Oh yeah, I took part in the transformation contest also, now i'm just hoping all this hard work pays off! *fingers crossed*


----------



## theCaptn' (Jul 18, 2011)

sure you look bigger and leaner . . is this after pct?


----------



## buddhaluv (Jul 18, 2011)

thanks captn & yea. its been about 2 weeks since i finished my last day of pct.


----------



## Boogz1218 (Jul 18, 2011)

I hate all you guys who can keep the tiny waist to back ratio lol.....  good lookin' man.  What was your diet like?


----------



## caaraa (Jul 18, 2011)

looks very good
*




*


----------



## buddhaluv (Jul 18, 2011)

genetics baby ;D

diet? well honestly all i did was eat what was made by my parents. (yes i still live with my parents, sad i know). but yeah , they are very conscious of what they put in there bodies so basically all the food I eat is all home made & ALWAYS clean. & i wish i could tell you exactly what i ate, but that'd be practically impossible considering i eat a different dish everyday of the week lol. 
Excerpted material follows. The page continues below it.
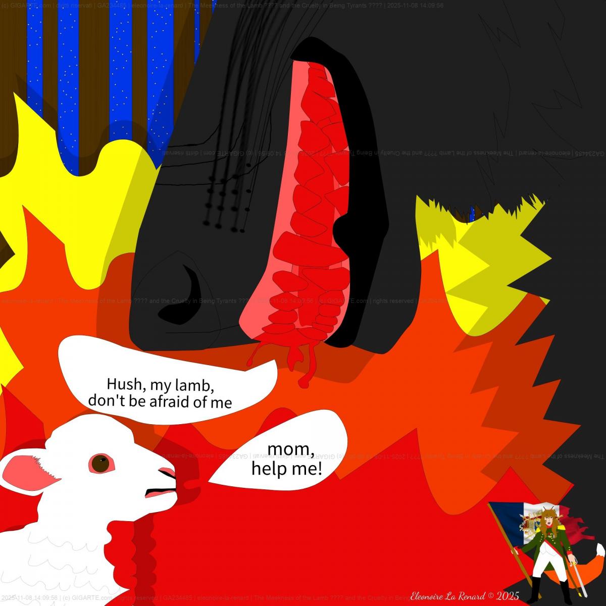 The lamb has been bitten by the wolf, just as a child is oppressed by an abusive adult. This image expresses the tyranny and injustice inflicted upon children—who, sooner or later, must rise to seek justice and denounce such crimes.

oh yeah & during my cycle I always aimed to eat at LEAST 4000 calories a day


----------



## james-27 (Jul 18, 2011)

> that'd be practically impossible considering i eat a different dish everyday of the week lol.




 doesn't everyone?




> oh yeah & during my cycle I always aimed to eat at LEAST 4000 calories a day




How do you know how many cals you got if you dont even know what you ate? I'm just curious.


----------



## ANIMALHAUS (Jul 18, 2011)

james-27 said:


> doesn't everyone?
> 
> 
> 
> How do you know how many cals you got if you dont even know what you ate? I'm just curious.


 
You would be surprised how many people eat the same tuna/chicken/beef meals multiple times every day.  It gets old after a while.


----------



## ANIMALHAUS (Jul 18, 2011)

Buddhaluv,

Nice transformation bro!


----------



## Boogz1218 (Jul 18, 2011)

ANIMALHOUSE said:


> You would be surprised how many people eat the same tuna/chicken/beef meals multiple times every day.  It gets old after a while.
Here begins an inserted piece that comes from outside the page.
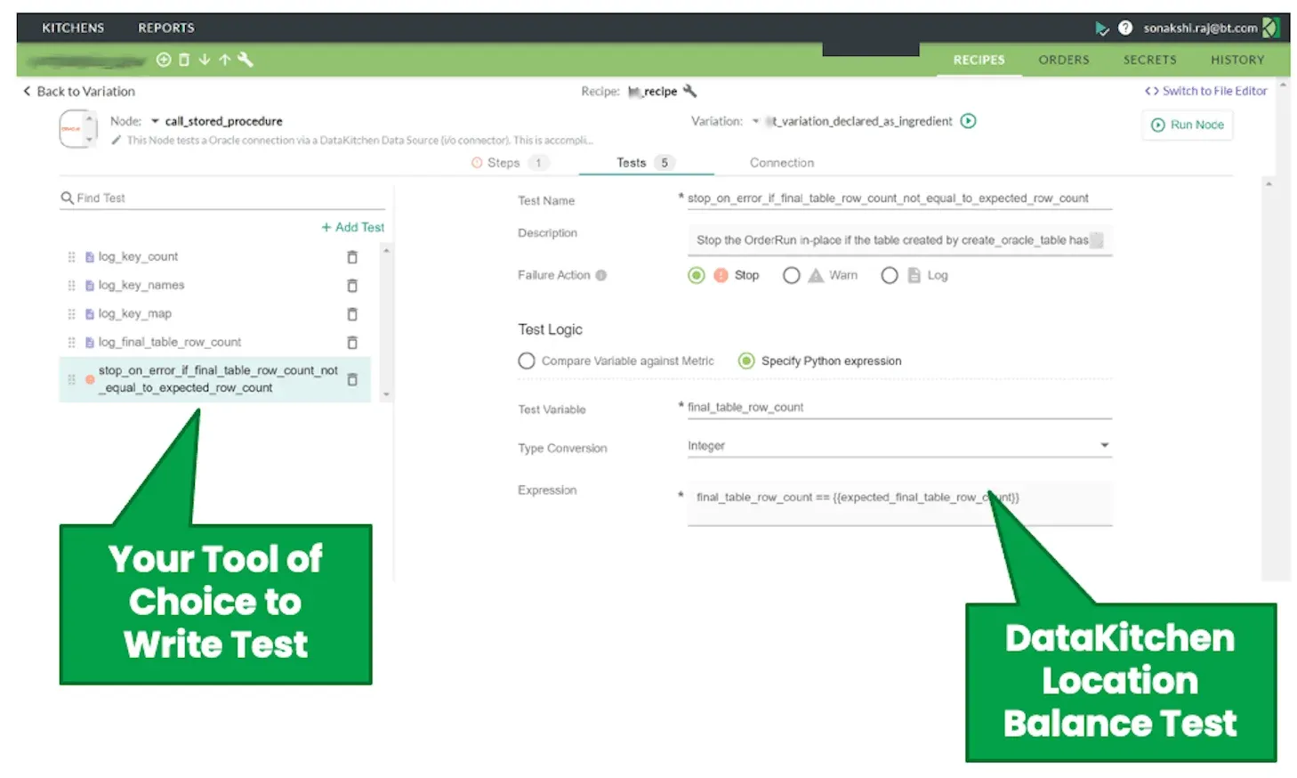 Figure 5: The DataKitchen UI enables data professionals to easily test inputs, outputs, and business logic at each stage of the data pipeline without having to learn each and every tool that operates on data.

When you live on your own, shit is convenient and cost effective.  I only look cooking bad ass meals when I have company.  Other than that, bring on the chicken breast, brown rice, and broccoli!


----------



## XYZ (Jul 18, 2011)

Nice work.


----------



## XYZ (Jul 18, 2011)

ANIMALHOUSE said:


> You would be surprised how many people eat the same tuna/chicken/beef meals multiple times every day. It gets old after a while.


 

For months on end as well.


----------



## ManInBlack (Jul 18, 2011)

Damn man you have some great results there. Nice going.


----------



## RAWS n More (Jul 18, 2011)

very good job bro!!


----------



## Ahrnold (Jul 18, 2011)

great results!  is that baad bacne though?


----------



## D-Lats (Jul 18, 2011)

Great job!


----------



## malfeasance (Jul 18, 2011)

Boogz1218 said:


> When you live on your own, shit is convenient and cost effective. I only look cooking bad ass meals when I have company. Other than that, bring on the chicken breast, brown rice, and broccoli!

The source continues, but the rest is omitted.